Hélas, aujourd’hui encore, l’abord des risques psychosociaux arrive difficilement à faire l’objet d’un consensus dans le monde du travail. Bien sûr, en 2004, un accord européen avait été signé par l’ensemble des partenaires sociaux des 15 pays de l’Union. Cet accord avait même été transposé en France en 2008 au niveau interprofessionnel avec l’aval de l’ensemble des syndicats patronaux et de salariés sur la question du stress au travail. Mais, comme les débats avaient été rudes et laissent encore des traces ! Les positions assez idéologiques sont malheureusement trop fréquentes entre un patronat et des directions d’entreprises qui voient dans le stress uniquement des manifestations de faiblesse psychologique de salariés et celles de certains syndicats qui expliquent tout par une organisation du travail délétère et des formes de management harcelante. En fait, la posture sérieuse est de considérer que ces deux visions du stress professionnel (individuelles et environnementales) se complètent plutôt qu’elles ne s’excluent. Reconnaître une partie de vérité des deux côtés, comme l’établissent les nombreuses recherches scientifiques réalisées dans ce domaine3 et travailler à construire un consensus de diagnostic puis d’action tant au niveau collectif qu’individuel est difficile dans notre pays, contrairement à nombreux de nos voisins, surtout d’Europe du Nord, chez qui ces questions sont abordées sereinement et les réponses largement consensuelles.

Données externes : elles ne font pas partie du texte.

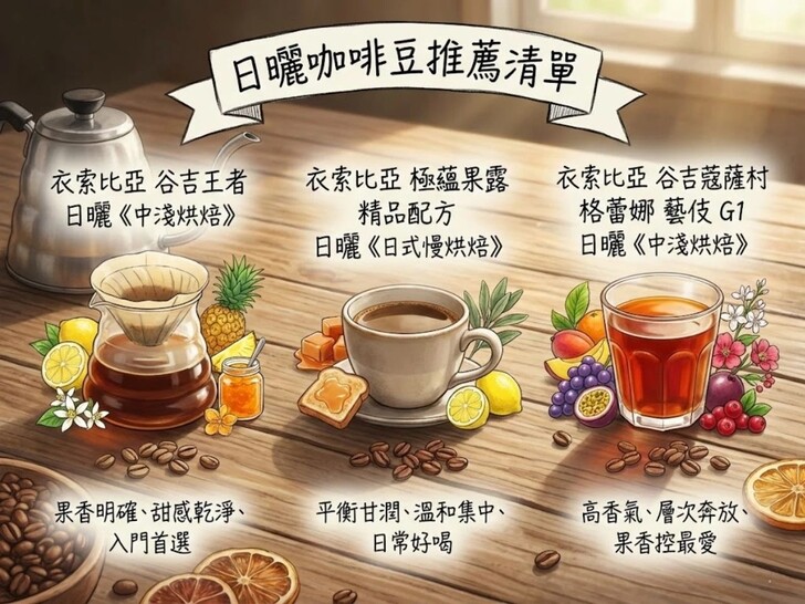 四、日曬咖啡豆推薦清單日曬咖啡豆推薦|衣索比亞 谷吉王者 日曬 咖啡豆《中淺烘焙》如果你在找一款日曬咖啡入門但又有記憶點的豆子,谷吉王者會是很安全的選擇。入口是清新的檸檬與鳳梨香氣,帶有柑橘系的明亮果酸,但不會過於刺激;中段橙花與細緻花香浮現,讓整體風味顯得輕盈、乾淨。尾段則轉為果醬般的甜潤與柔和奶油感,收得圓潤順口。這款日曬咖啡很適合手沖,能清楚感受到「果香明確、甜感乾淨」的日曬特色,也不容易出現悶味或酒感,是很多人第一次愛上日曬咖啡的類型。 日曬咖啡豆推薦|衣索比亞 極蘊果露 精品配方 日曬 咖啡豆《日式慢烘焙》如果你對日曬咖啡有興趣,想嘗試看看,這款日式慢烘焙的日曬配方會非常適合。整體走的是平衡路線,入口滑順甘潤,甜感溫和集中,酸度柔軟不尖。檸檬果韻、鼠尾草清香與焦糖、烤麵包的溫暖甜感交錯出現,層次細膩但不誇張。它保留了日曬咖啡的果甜與香氣,又透過配方與慢烘焙把結構收得很穩,很適合每天喝。 日曬咖啡豆推薦|衣索比亞 谷吉蔻薩村 格蕾娜 藝伎 G1 日曬 咖啡豆《中淺烘焙》如果你想體驗日曬處理+藝伎品種的高香氣版本,這款就是為果香控準備的。一入口就能感受到熱帶水果香氣層層展開,葡萄的甜潤、百香果的奔放、檸檬的明亮酸質與蔓越莓的清爽果韻彼此交織,香氣飽滿卻不混亂。酸甜比例拿捏得很好,尾韻乾淨清爽,讓人一口接一口。這款日曬咖啡豆比較適合已經習慣花果香、果酸結構的人。 更多咖啡知識文章 請到 >> https://first-cafe.com 咖啡豆推薦購買 請到 >> https://www.bestbet.tw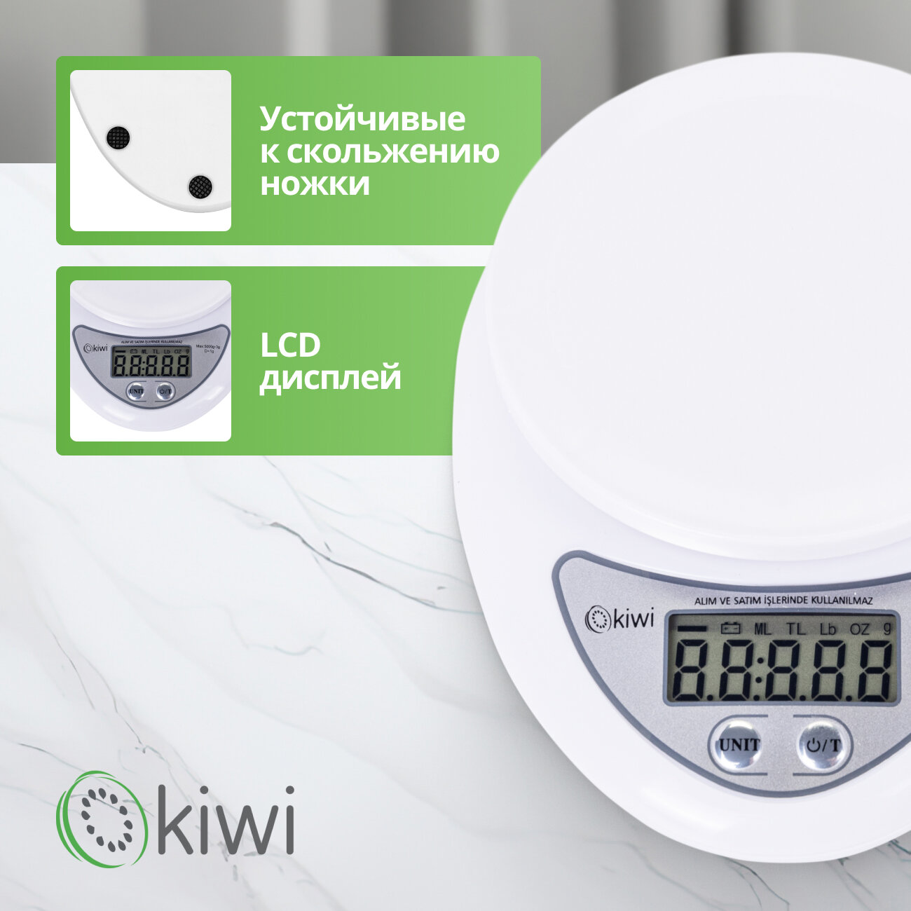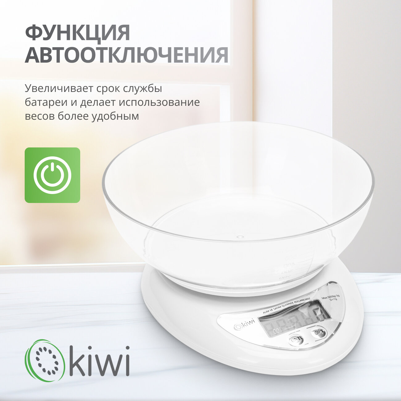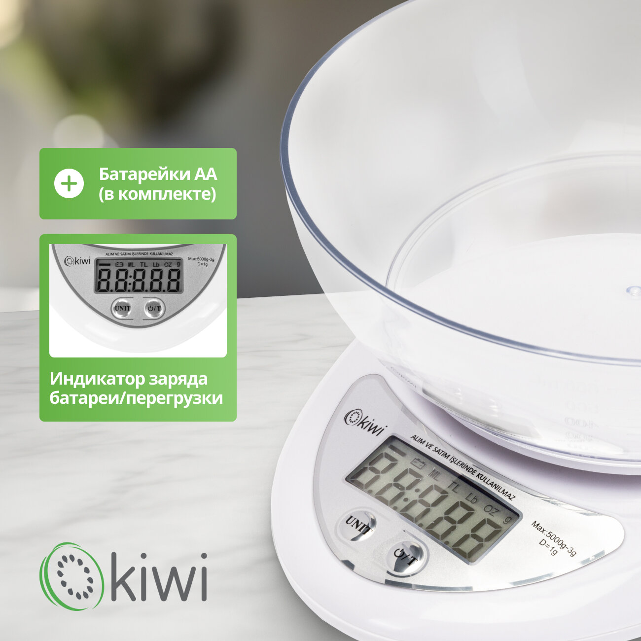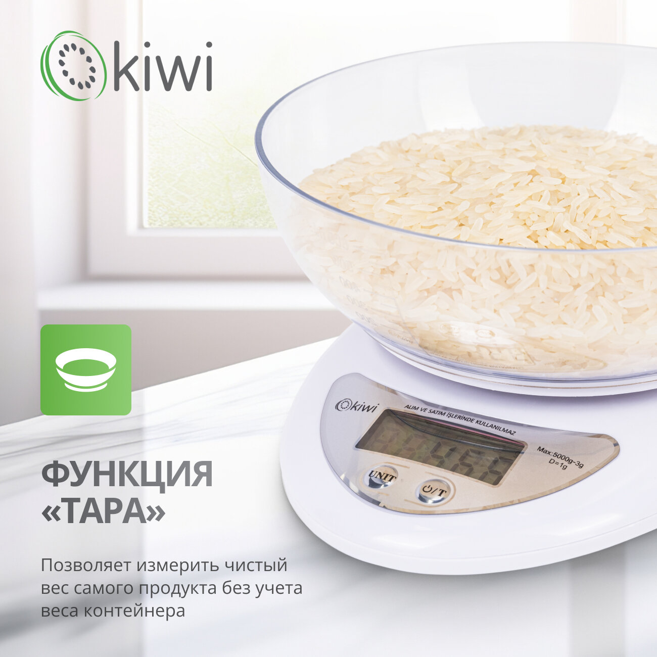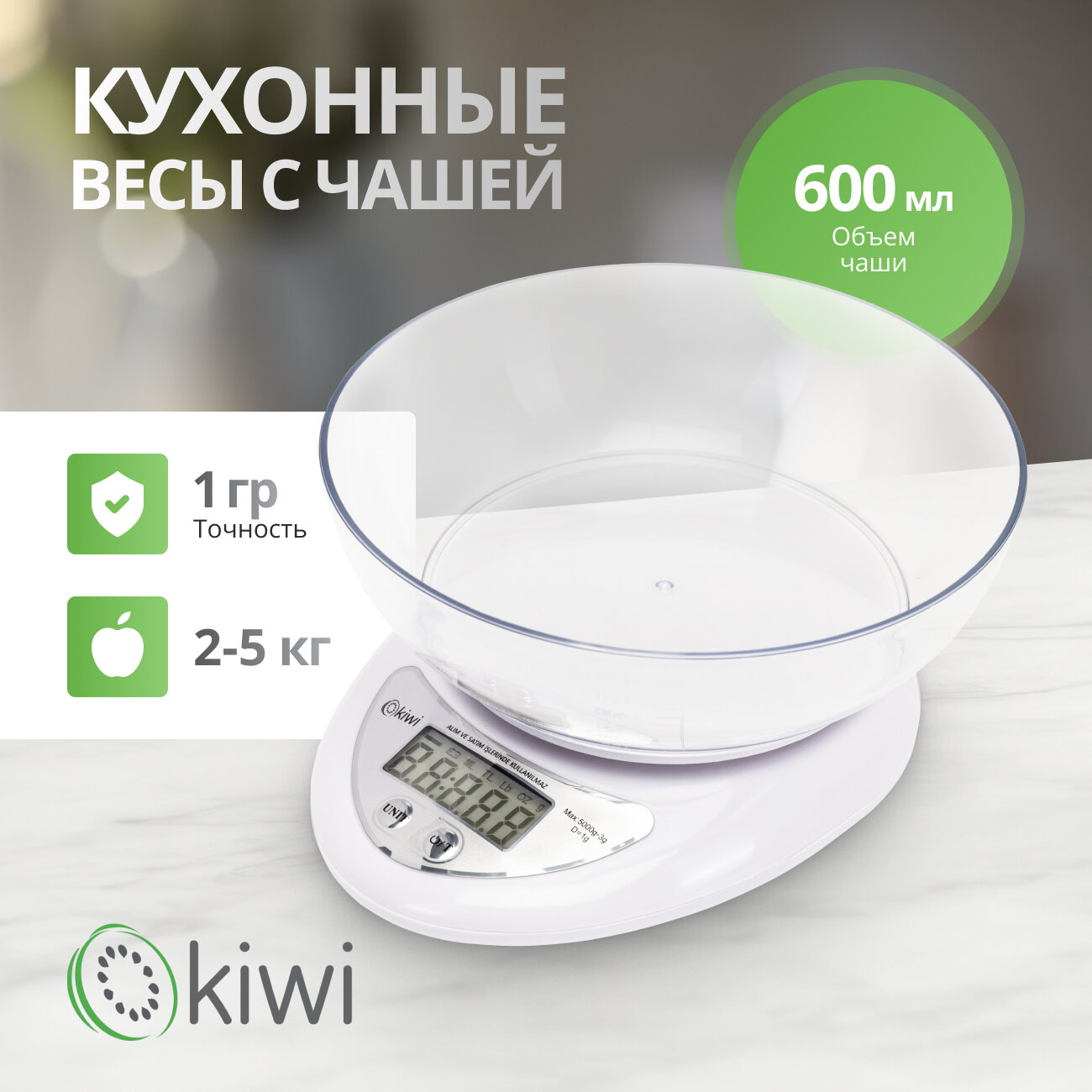 Кухонные весы с чашей 600 мл KIWI KKS-1153W, электронные от 2г до 5 кг, точность 1гр. интересное:

Ce difficile consensus s’explique en partie par l’importante défiance qui existe dans le monde du travail. Au vu des nombreuses enquêtes internationales, la France est un pays où la confiance à autrui est plus faible que dans les autres pays de niveau de développement comparable4. Au sein des entreprises, nous sommes le pays où les syndicats ont le moins de confiance dans le patronat et réciproquement, d’où la dureté du dialogue social aboutissant rarement à des consensus.

Dans une récente enquête française réalisée auprès de milliers de salariés, 12% seulement des répondants indiquaient qu’ils faisaient confiance aux syndicats pour améliorer leur bien-être au travail et encore moins (4%) à la direction de leur entreprise. L’immense majorité (74%) estimait que c’était à eux-mêmes qu’ils faisaient le plus confiance dans ce domaine5. Ce repli sur soi quasi narcissique, et l’individualisme qui en résulte, se nourrissent des difficultés du consensus dans le monde du travail. Ils compromettent aussi sérieusement l’indispensable collectif qui doit s’y développer.

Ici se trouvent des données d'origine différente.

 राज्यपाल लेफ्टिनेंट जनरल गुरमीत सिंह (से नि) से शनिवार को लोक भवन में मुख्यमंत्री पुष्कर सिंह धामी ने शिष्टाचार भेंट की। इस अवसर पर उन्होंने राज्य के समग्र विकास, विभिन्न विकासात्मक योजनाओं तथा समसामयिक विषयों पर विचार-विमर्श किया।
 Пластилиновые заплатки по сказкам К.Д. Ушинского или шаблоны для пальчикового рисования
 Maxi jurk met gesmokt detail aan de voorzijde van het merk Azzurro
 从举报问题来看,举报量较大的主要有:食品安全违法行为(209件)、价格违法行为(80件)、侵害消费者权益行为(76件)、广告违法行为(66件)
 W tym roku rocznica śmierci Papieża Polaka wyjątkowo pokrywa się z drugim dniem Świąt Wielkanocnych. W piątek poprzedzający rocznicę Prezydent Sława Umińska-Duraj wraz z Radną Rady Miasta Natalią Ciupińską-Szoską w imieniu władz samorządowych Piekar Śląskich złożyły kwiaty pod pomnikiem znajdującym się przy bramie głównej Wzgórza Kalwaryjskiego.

1 Comité d’hygiène, de sécurité et des conditions de travail

2 Légeron P. Le stress au travail. Odile Jacob, Paris 2001,2003

3 Bellego M., Légeron P., Ribéreau-Gayon H. Les risques psychosociaux au travail. Les difficultés des entreprises à mettre en place des actions de prévention. De Boeck, Bruxelles 2012

4 Algan Y., Cahuc P., Zylberberg A. La fabrique de la défiance. Albin Michel, Paris 2012

5 Krauze J., Méda D., Légeron P., Schwartz Y. Quel travail voulons-nous ? La grande enquête. Les Arènes, Paris 2012.